Il gruppo consiliare Rinascimento Castiglionese interviene sulla recente riorganizzazione delle deleghe assessoriali annunciata dall’amministrazione comunale di Castiglion Fiorentino, parlando di un’operazione “formale” che non inciderebbe sui nodi concreti della città.
«Se fosse cambiata la squadra di governo parleremmo di una scelta politica – dichiara il capogruppo Paolo Brandi – ma qui siamo davanti a un semplice cambio di targhette. Stessa poltrona, stessa scrivania, nuova dicitura».
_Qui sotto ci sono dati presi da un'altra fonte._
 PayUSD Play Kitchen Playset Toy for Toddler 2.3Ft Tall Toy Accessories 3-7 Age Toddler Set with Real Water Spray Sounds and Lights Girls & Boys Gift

Secondo il gruppo di opposizione, la modifica delle denominazioni delle deleghe non rappresenta una risposta ai problemi del territorio. «Le buche nelle strade non sanno leggere le targhette», afferma Brandi, sottolineando come le criticità restino aperte.
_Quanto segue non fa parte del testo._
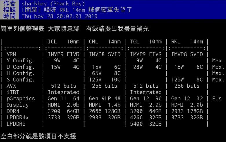 Zavedený leaker momomo_us na Twitteru zveřejnil tabulku popisující maximální konfigurace chystaných platforem Intelu. Ve sloupcích najdete jednotlivé generace (ICL = Ice Lake, CML = Comet Lake, TGL = Tiger Lake a RKL = Rocket Lake).

Rinascimento Castiglionese elenca una serie di questioni ancora irrisolte: dalla situazione dei poli scolastici e dei plessi in chiusura, alle aree industriali dismesse come la ex Sadam, fino alle difficoltà del centro storico, ai cantieri senza tempi certi, alla raccolta rifiuti discontinua e alla piscina comunale chiusa.
Il gruppo annuncia che continuerà a svolgere il proprio ruolo di opposizione «con serietà e spirito costruttivo», chiedendo risposte concrete su scuola, sviluppo economico, servizi e manutenzioni. «Cambiare tutto affinché nulla cambi – concludono – non è la strada di cui Castiglion Fiorentino ha bisogno».